> WHAT TO DO
Could the data below please be reproduced word for word, without the pictures?

> MATERIAL PROVIDED
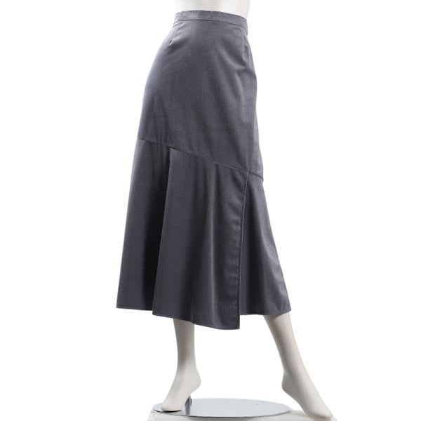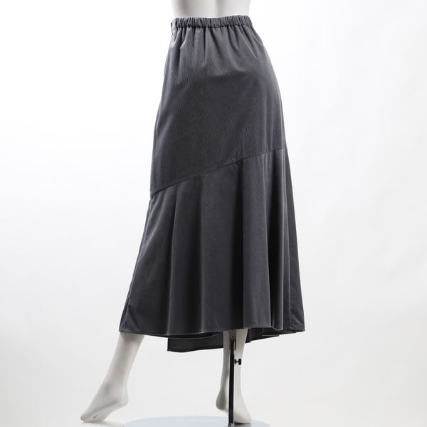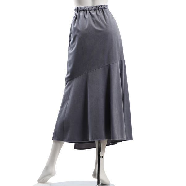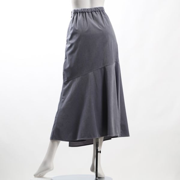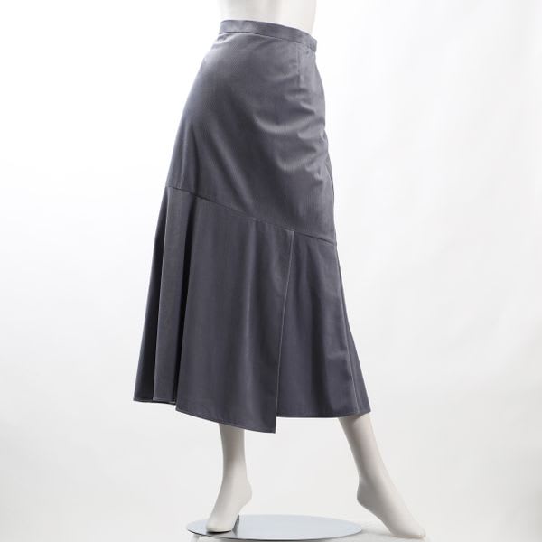 斜めの切り替えが特徴的なアシンメトリーのスカート。パフスリーブブラウスを合わせてきれいめな着こなしに、リブカットソーを合わせてカジュアルめに着るのも素敵です。
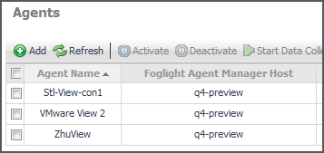 The Agents view displays information on the various agent systems that are collecting and sending details to Foglight for VMware Horizon View. This view can be used to verify that agents are properly reporting information at regular intervals to Foglight for VMware Horizon View.
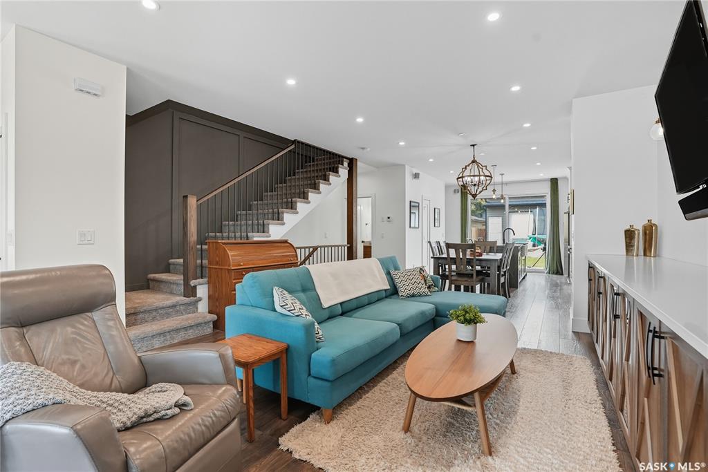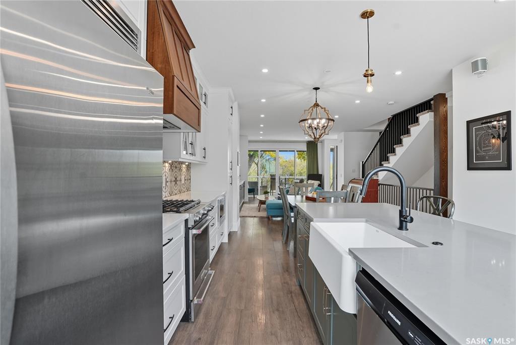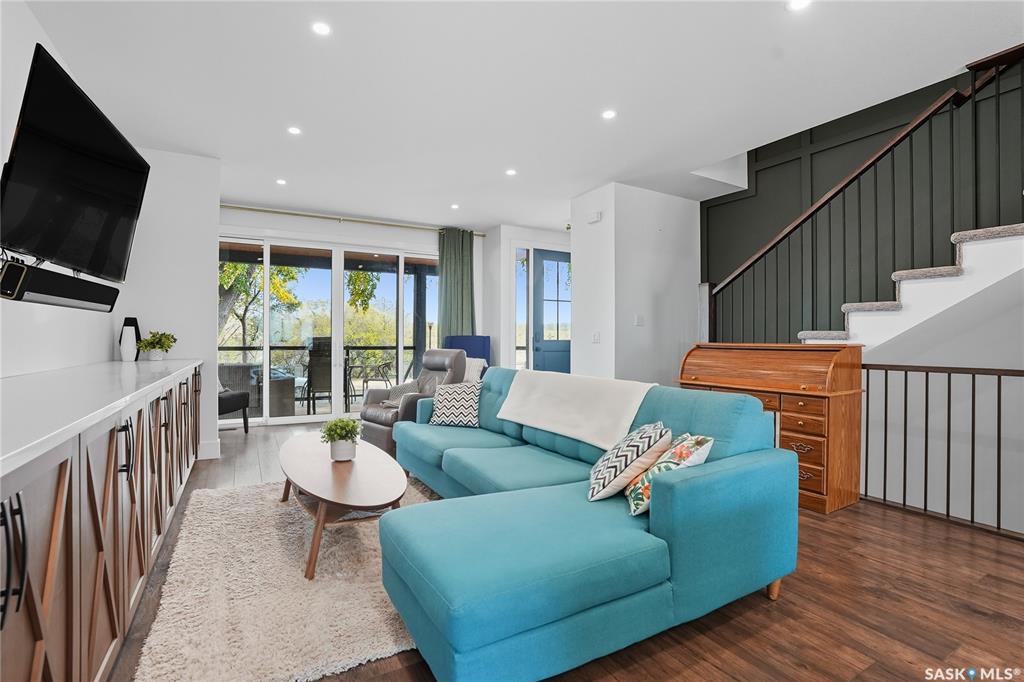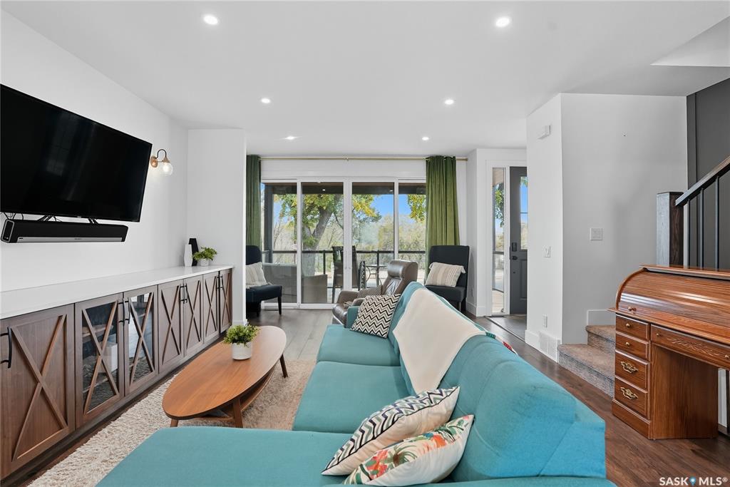 Located on prestigious Spadina Crescent East, this stunning riverfront home is perfect for those looking for a family-friendly home in a sought-after neighbourhood. The main floor boasts hardwood flooring throughout with views from the oversized windows in the living room which opens seamlessly to the dining area and designer kitchen - complete with quartz countertops, an abundance of cabinet space, high-end appliances and island with seating. A convenient 2-piece powder room and mud room completes this lev...

> SOLVED EXERCISE
 斜めの切り替えが特徴的なアシンメトリーのスカート。パフスリーブブラウスを合わせてきれいめな着こなしに、リブカットソーを合わせてカジュアルめに着るのも素敵です。
 The Agents view displays information on the various agent systems that are collecting and sending details to Foglight for VMware Horizon View. This view can be used to verify that agents are properly reporting information at regular intervals to Foglight for VMware Horizon View.
 Located on prestigious Spadina Crescent East, this stunning riverfront home is perfect for those looking for a family-friendly home in a sought-after neighbourhood. The main floor boasts hardwood flooring throughout with views from the oversized windows in the living room which opens seamlessly to the dining area and designer kitchen - complete with quartz countertops, an abundance of cabinet space, high-end appliances and island with seating. A convenient 2-piece powder room and mud room completes this lev...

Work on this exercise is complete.